Заколок было три. Новостей, если считать по-крупному, две. Ногой Межинский двинул дипломат, и заколки отозвались тоненькими голосками. Такой звук издает колокольчик, до которого очень далеко.
– Есть один странный сигнал, – тише, чем обычно, сказал Бухгалтер. – В одном из областных городов создано новое охранное агентство. Очень жесткий отбор. Агентству нужны лишь опытные спецназовцы. Тестовая проверка круче, чем где-нибудь в "Альфе".
– Ну и что? – удивился Межинский. – Таких охранных агентств в одной Москве тысяча с лишком.
– Странность в окладах сотрудников. Принятому на работу сразу выдают "подъемные" – пять тысяч долларов. И потом за каждый месяц платят по две тыщи "зеленых", хотя, как я понял, ничем они не занимаются.
– Совсем ничем? – удивился Межинский.
– По моим данным, совсем... Во всяком случае, мои авторитеты говорили за столом в ресторане именно так...
– А им-то что?
– Запах денег учуяли. Такой кусок – и мимо их глотки уходит.
– Это интересно, – в полкорпуса обернулся к собеседнику Межинский. – А это не рекламная "липа"?
– Кажется, нет.
– И сколько они уже набрали людей?
– Человек пятнадцать, – Бухгалтер все еще ощущал недоверие
со стороны начальника к себе и потому торопливо добавил: – Вы поймите, Виктор Иванович, хотя у моих бугров денег полно, но, если они узнали, что всплыл какой-то "кит" и швыряет налево-направо такими суммами, у них у самих слюнки начинают течь. Мой непосредственный хозяин уже зашевелился. Ему тоже хочется узнать, что за человек и как с ним состыковаться...
– Не узнал?
Бухгалтер ухмыльнулся, переждал вскрик спартаковских "фэнов" и разочарованно ответил:
– Если б узнал, я был бы уже в курсе.
Невидимый калькулятор с голове у Межинского все умножал и складывал, сбивался и снова начинал умножать и складывать. Получалось примерно как у героя Райкина, пытавшегося выяснить, сколько ж можно собрать денег со ста тыщ болельщиков на стадионе, если каждый раскошелится по рублю. Цифра никак не вырисовывалась. Жара выдавила из головы последние школьные навыки по арифметике пятого класса, и Межинский перестал себя мучать.
– Сумасшедшие деньги! – словами героя Райкина подвел он итог своим расчетам. – И значит, никакой охранной деятельностью не занимаются?

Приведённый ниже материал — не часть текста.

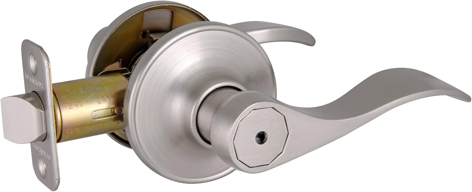 Product Description The Springdale Privacy Door Handle in oil rubbed bronze is ideal for bathrooms, bedrooms, and other spaces where privacy is needed. Featuring a turn-button lock, this reversible lever fits left- or right-hand doors and works with standard 1-3/8 in and 1-3/4 in thick doors. It installs with 2-3/8 in or 2-3/4 in backsets and includes a 1 in x 2-1/4 in radius corner faceplate and hardware. A 1/2 in nickel-plated latch bolt and 5-pin cylinder add security. ANSI Grade 3 certified, it’s backed by a 5-year limited mechanical and finish warranty. From the Manufacturer The Springdale Privacy Lever Set features a popular wave shaped lever and is easily incorporated into most architectural styles. The lever is reversible for use on right or left hand doors.
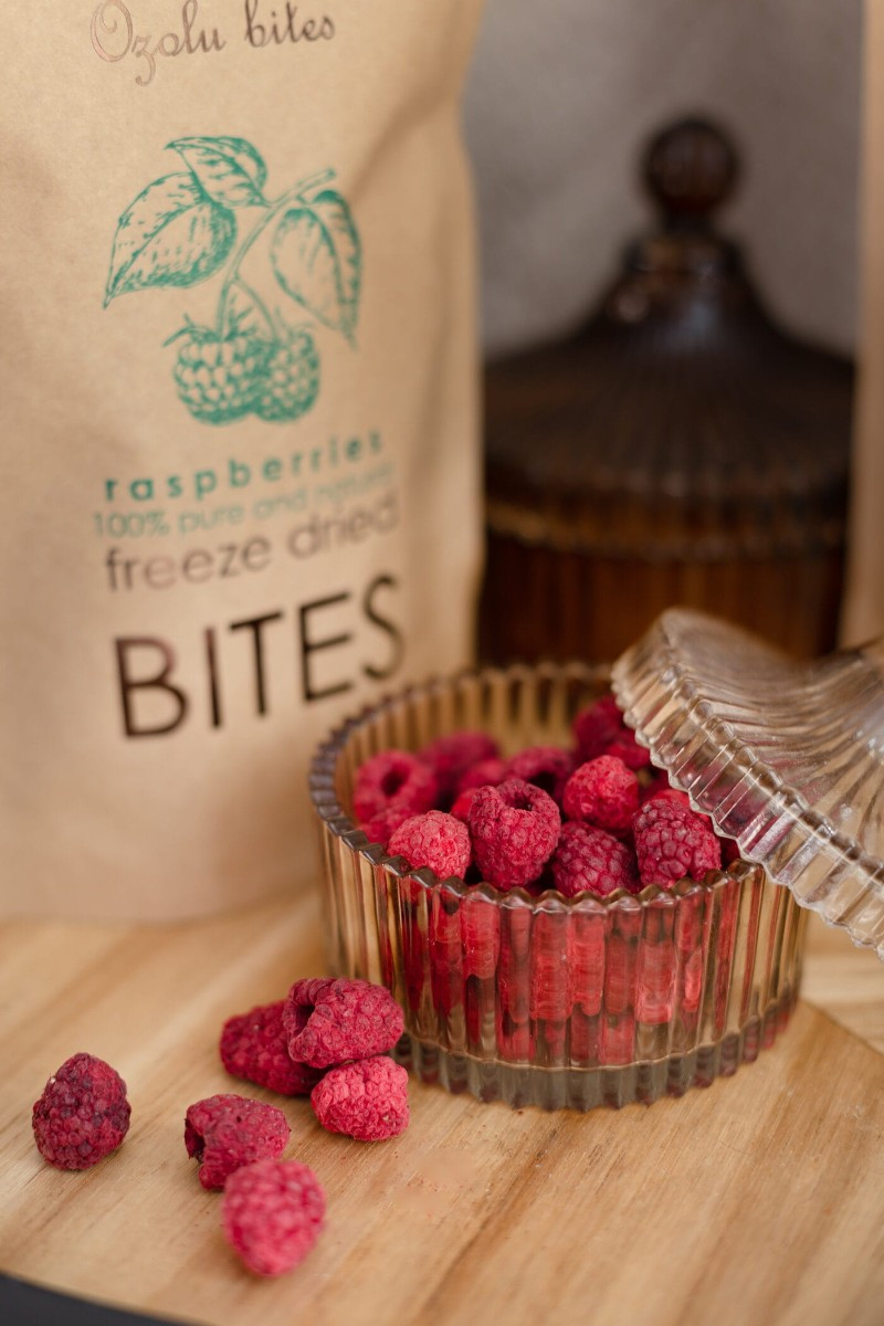 Aukstumā žāvētas jeb lioflizētas Latvijas avenes.
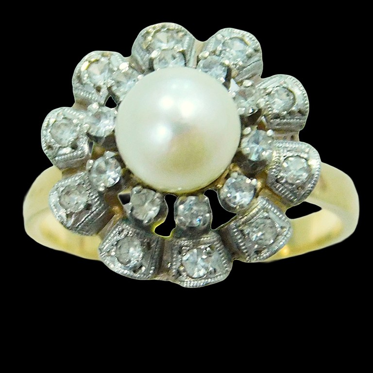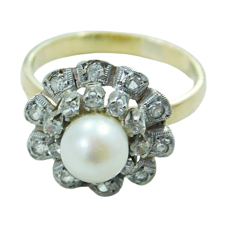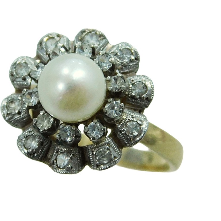 ANILLO BICOLOR VINTAGE PERLA T:14 4.28GR 18K
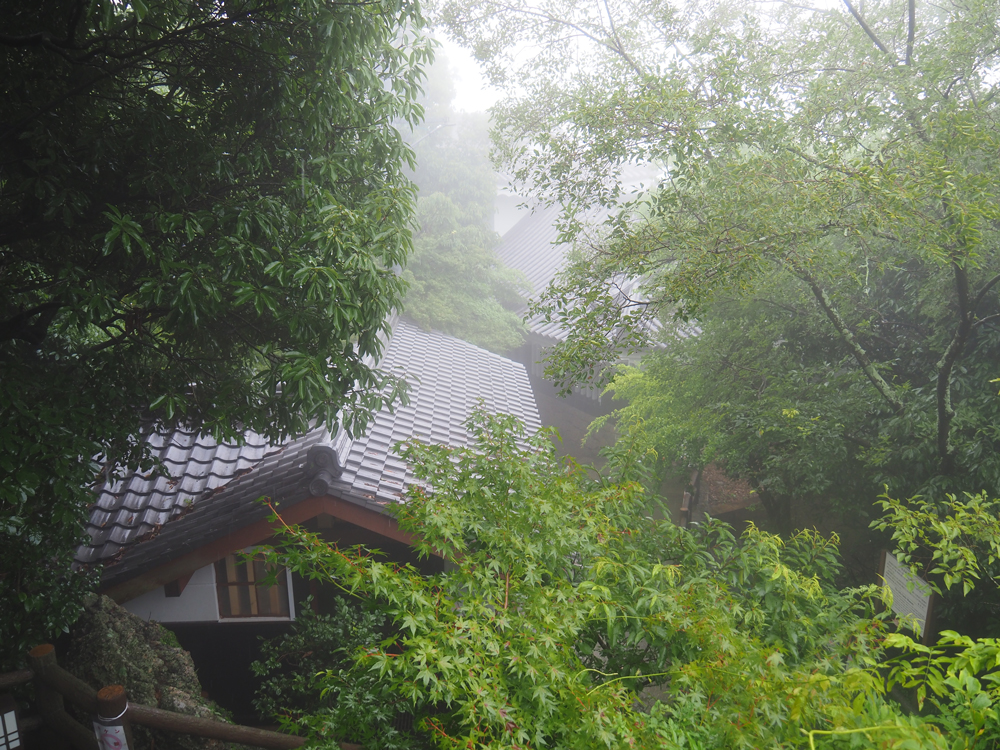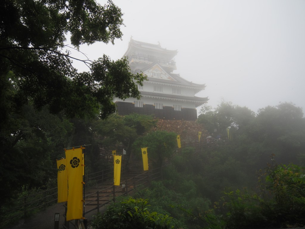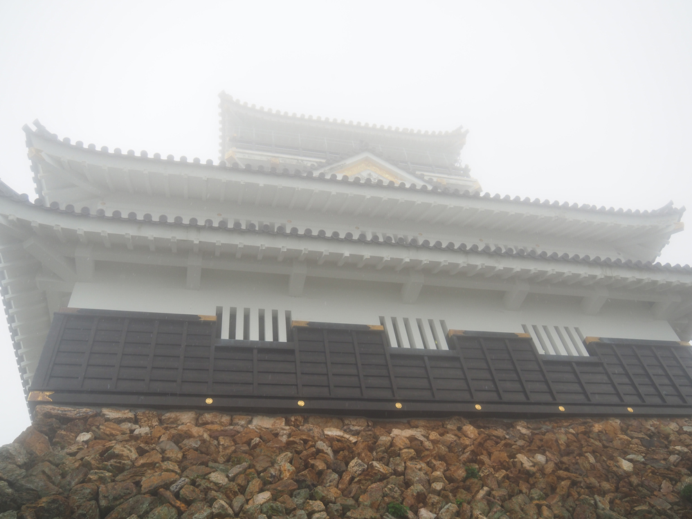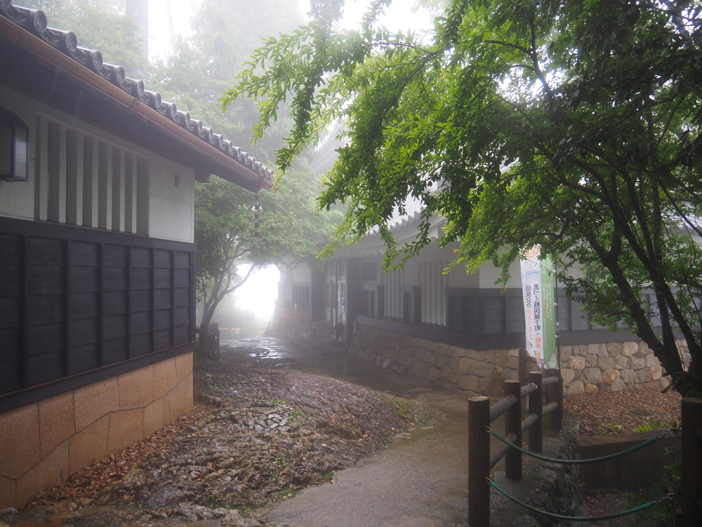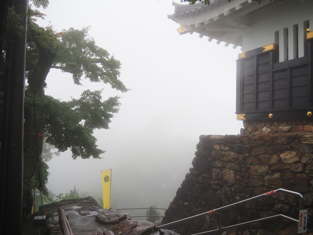 さて我々は、天守まで登って行きます。約歩いて10分ほどでしょうか。天気が良ければ良かったのですが、、、雨と霧で湿度も高く汗だくになりながら進みます。

– Пока не занимаются, Виктор Иванович.
– Хор-рошая работа! Мечта жизни!.. Эх-хе-хе, пять тысяч подъемных... Это откуда ж такой черный "нал"? Не от наркотиков ли?

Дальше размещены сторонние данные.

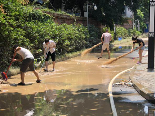 擼起袖子加油干,大家按照職責分工,踴躍投入到淤泥清除、隱患排查等抗洪救災任務中。經過3天的連續(xù)作業(yè)艱苦奮斗,各受災項目的積淤泥沙已基本清理完成。演武街停車場地下室因積水相對嚴重,由于項目部使用的發(fā)電機和抽水泵較小,無法立即抽干積水,在廣元救援隊的支援下,于8月22日完成了演武街停車場地下室的搶險工作。
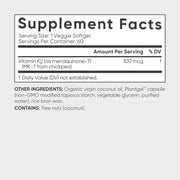 - Organic Coconut Oil | Vitamin K2 is fat-soluble and difficult for the body to absorb if not supplemented with fat. To help improve absorption, we mix Vtiamin K2 with coconut oil.
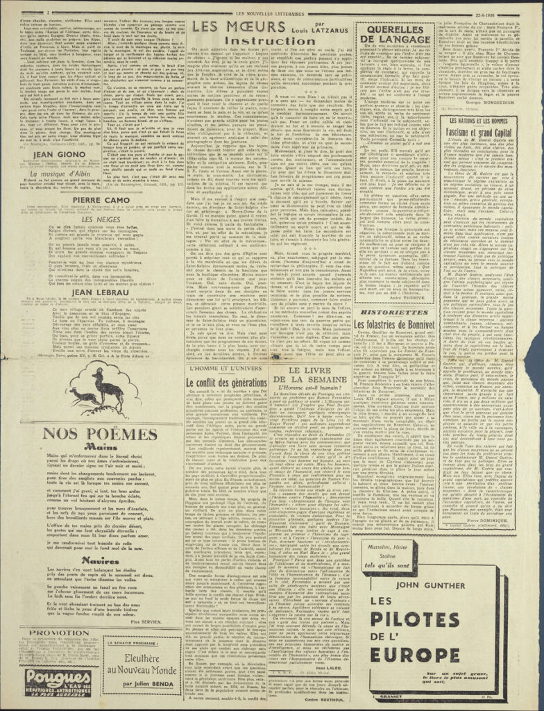 Απόκομμα της εφημερίδας “Les Nouvelles Litteraires”, στα γαλλικά, χαρτί, δύο όψεις.
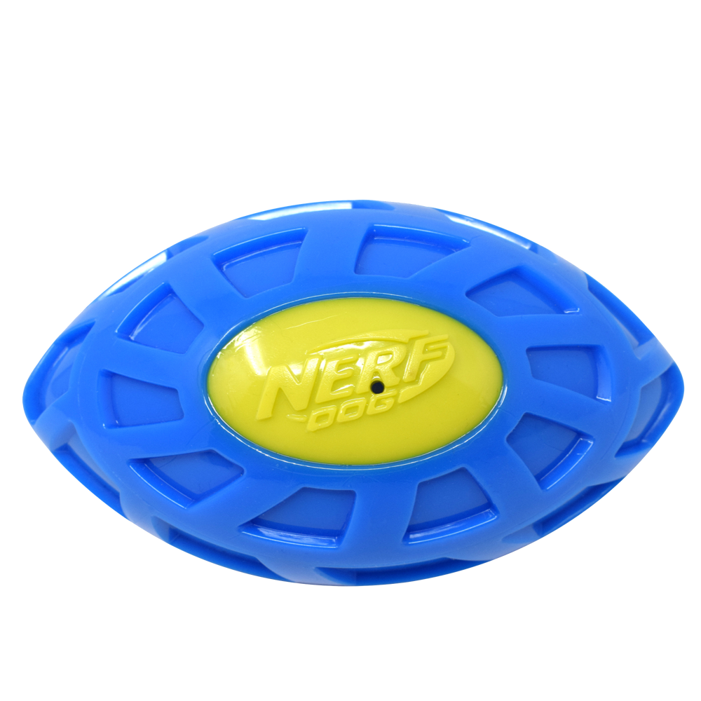 The 5in TPR EXO Micro Squeak Football is perfect for small to medium dogs that love squeaky toys. Its bouncy design and durable material make it great for fetch and solo play.
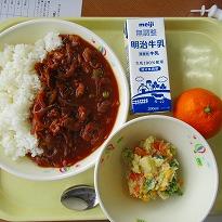 (今日の給食 ハッシュドビーフ他) (国旗掲揚 生徒会役員)

Бухгалтер пожал узенькими плечами. Он хотел еще сказать, что, может, и от наркотиков, тем более что сейчас Запад заполонил Россию "колесами" по демпинговым ценам, чтобы приучить нашу молодежь к кайфу, но промолчал. Ему не хотелось казаться угодливым, да к тому же копание в чужих деньгах вряд ли что-то сейчас могло дать. Придумать можно все что угодно, а доказать...
– А какой, ты сказал, город? – задумчиво спросил Межинский.
– Я говорил, областной, – ответил Бухгалтер, пригнулся к начальнику и на ухо ему сообщил: – Мурманск.
36
Лариса распахнула дверь настежь и прыснула со смеху.
– Я – из "лужи", – смущенно посмотрел на свои брюки и ботинки Тулаев. – Там дурдом.
– Репортаж для газеты? Или купить чего хотел?
– Скорее, репортаж.
– Опять придется гладить. Ты...
Она не успела договорить, ощутив на своих губах сухие губы Тулаева.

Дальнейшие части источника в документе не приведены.